Noch mehr Wechsel gab es beim VCW. Insgesamt neun Neuzugänge und einen Trainerwechsel vermeldeten die Hessinnen. Lena Große-Scharmann, Pia Leweling, Liza Kastrup, Joyce Agbolossou (alle Deutschland), Nina Herelová (Slowakei), Kveta Grabovská (Tschechien), Erica Handley (USA), Laura Künzler (Schweiz) und Dalila-Lilly Topić (Schweden) werden das Team in dieser Saison verstärken. Als neuer Cheftrainer wurde Benedikt Frank (bisher Straubing) vorgestellt. Neben Olympiasiegerin Justine Wong-Orantes, sind VCW-Urgestein Tanja Großer und die US-Amerikanerin Anna Wruck die Konstanten im Team.

Auf die Frage nach dem Saisonziel antwortet die seit 2012 für den VCW aktive Tanja Großer: „Zum jetzigen Zeitpunkt haben wir noch kein Saisonziel vor Augen“. Die Mannschaft arbeite aber hart um „mindestens einen sicheren Play-Off Platz zu erreichen“.

VC Neuwied 77 – Rote Raben Vilsbiburg (19:30 Uhr)

Es gibt einen neuen Standort auf der Karte der Frauen Volleyball Bundesliga:  VC Neuwied 77. Der letztjährige Meister der 2. Bundesliga Süd spielt ab der neuen Saison 2021/22im Volleyball-Oberhaus. Mit Cheftrainer Dirk Groß hat man bereits seit 2019 einen erstligaerfahrenen Mann an der Seitenlinie. Kontinuität also auf der Trainerposition, wohingegen im Kader sieben Neuverpflichtungen getätigt wurden.

Zu Gast in Rheinland-Pfalz sind die Roten Raben aus dem bayerischen Vilsbiburg, mit 30 Spielzeiten fast schon ein Urgestein in der 1. Liga. Nachdem die letzten drei Spielzeiten jeweils auf dem fünften Rang endeten, soll es diese Saison weiter nach oben gehen. Genau wie bei den Gastgeberinnen verblieben fünf Spielerinnen aus der letzten Saison und sieben Neuverpflichtungen wollen integriert werden. Der erste Spieltag wird zeigen, wem dies besser gelungen ist.

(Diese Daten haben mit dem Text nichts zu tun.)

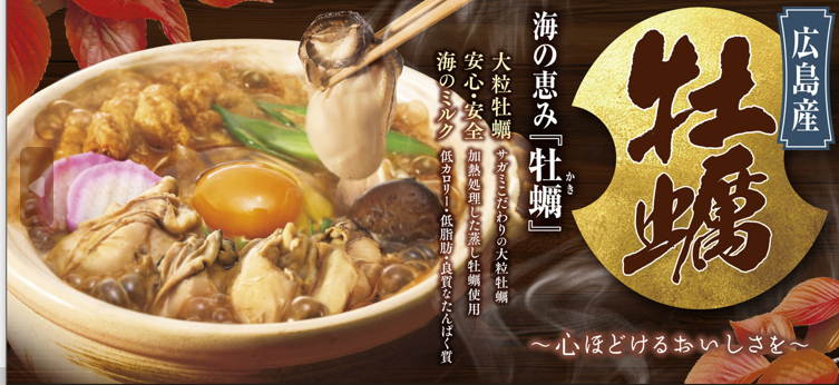 海のミルクと言われる牡蠣は、低カロリー・低脂肪で良質なたんぱく質を含んでおります。また、加熱処置された蒸し牡蠣を使用するため安心・安全です。広島県産の大粒牡蠣を使用した彩り豊かなメニューをご提供いたします。
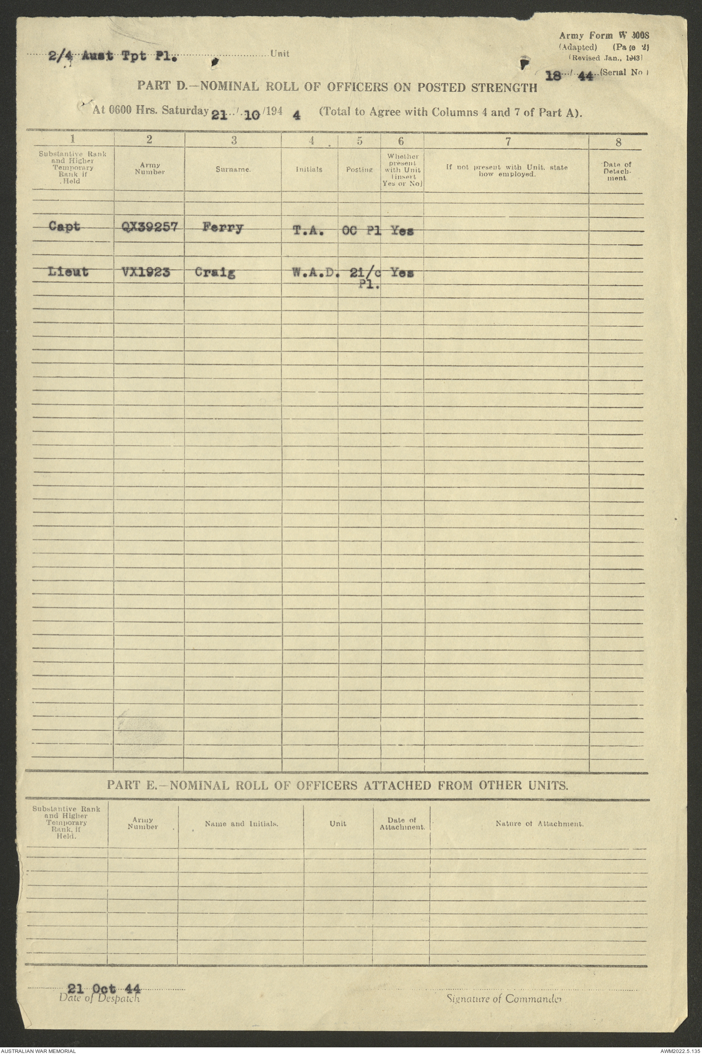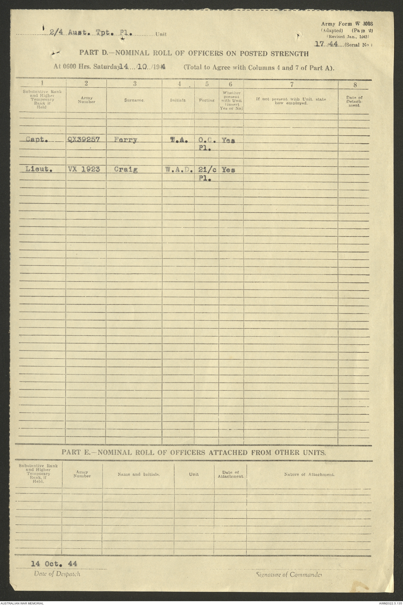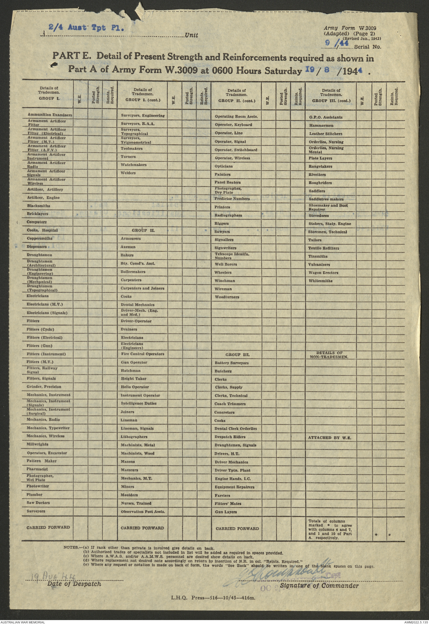 | Collection number | AWM52 10/4/4/1 |
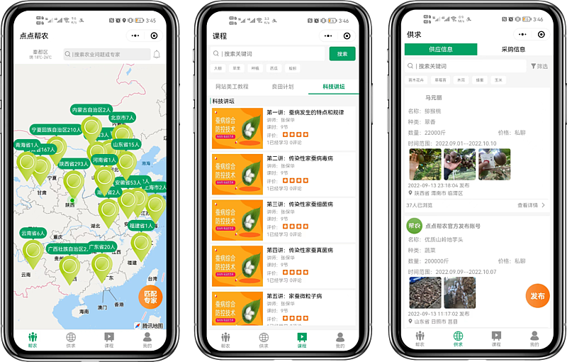 通過“共享農(nóng)技員”“共享農(nóng)課堂”“共享農(nóng)市場(chǎng)”三大技術(shù)服務(wù)體系,致力于實(shí)現(xiàn)農(nóng)業(yè)領(lǐng)域的“科技幫產(chǎn)、數(shù)據(jù)幫銷、數(shù)據(jù)幫策”。
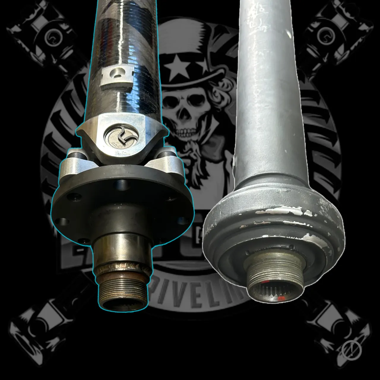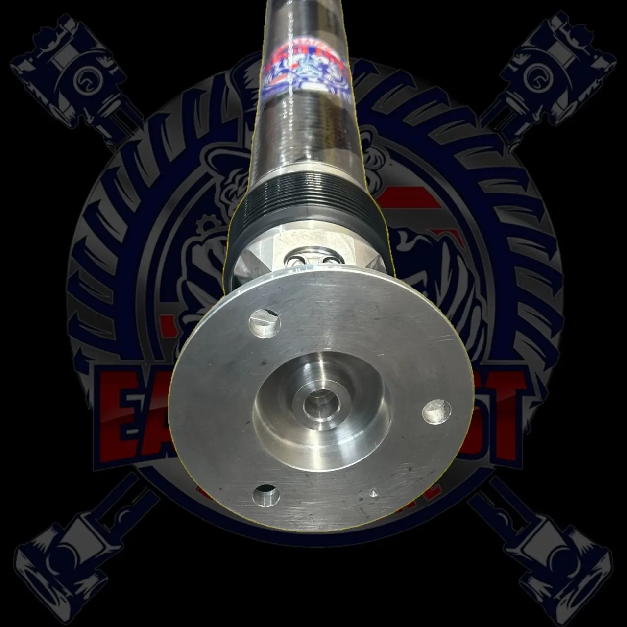 Карданный вал из углеволокна, изготовленный из трубы диаметром 3 дюйма и толщиной стенки 0,125 или 0,155 дюйма, с цельными карданными шарнирами серии 1350 и фланцевыми вилками из алюминиевого сплава, а также адаптером для удаления переднего соединительного элемента диаметром 110 мм. Адаптер дифференциала изготовлен на заказ с 27 шлицами и резьбой.
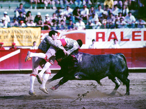 En esa ocasión tocó turno a Pedro Ortiz, una de las figuras de entonces, que realizó una excelente pega al primer intento, a un toro de Zotoluca que pesó 530 kilos que había sido lidiado por el rejoneador Paco Barona, según se aprecia en la imagen que ilustra esta nota. En aquella época el cabo del grupo era Gerardo del Villar, que también fue una pieza clave en el desarrollo de los Forcados Mexicanos.
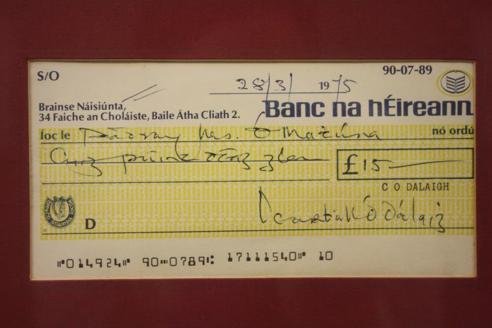 Cheque. 'Banc na hÉireann' cheque for £15 made out to Pádriag Ó Mathúna from President Cearbhall Ó Dálaigh. Dated 28/3/1975.;
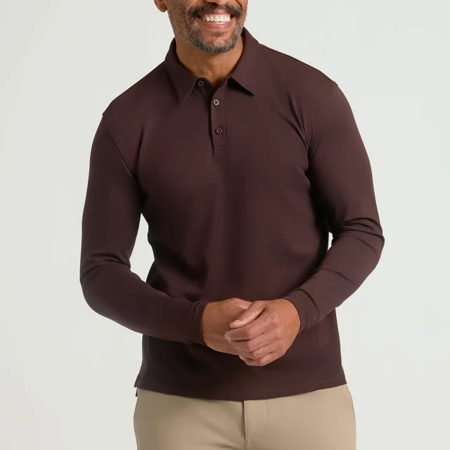 Factory Wholesale Men's Performance Breathable Cotton Long Sleeve Polo Shirt
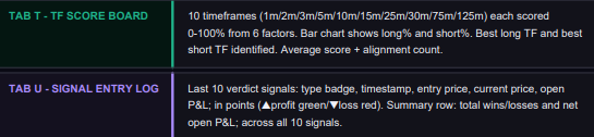 Every bar, all 19 factors are recalculated. A factor scores either +1 LONG or +1 SHORT, never both. Higher scores confirm stronger directional conviction.
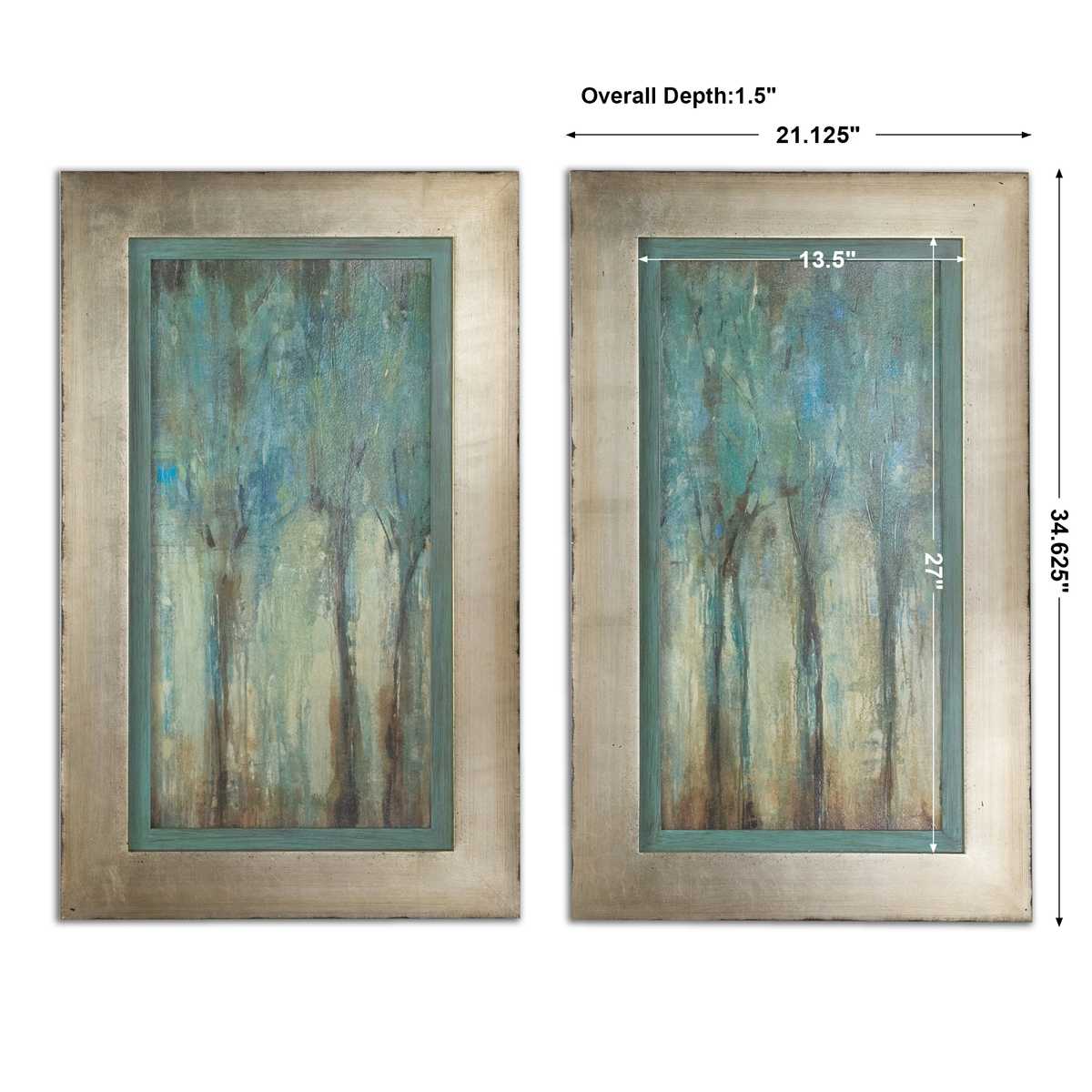 SKU - UT41410Whispering Wind Oil Reproductions, Set of 2 – Modern Landscape Wall Art with Silver Leaf Frames, 35" Tall

Auf die Frage nach dem Saisonziel antwortet Groß: „Wir sind noch neu in der 1.Bundesliga und wissen nicht, wo wir stehen könnten“. Raben-Trainer Florian Völker hat klare Zielvorstellungen. Die Spielerinnen sollen verletzungsfrei bleiben und mutig sein, da  „die Gegner äußerst ungern gegen die Raben antreten, weil wir jedem Gegner gefährlich werden können“. Die größten Stärken der Raben seien dabei „mannschaftliche Geschlossenheit, Teamgeist und Siegeswillen“, so Völker. Für den ersten Spieltag haben die Raben eine klare Devise ausgegeben. Gegen den Aufsteiger sollen drei Punkte her.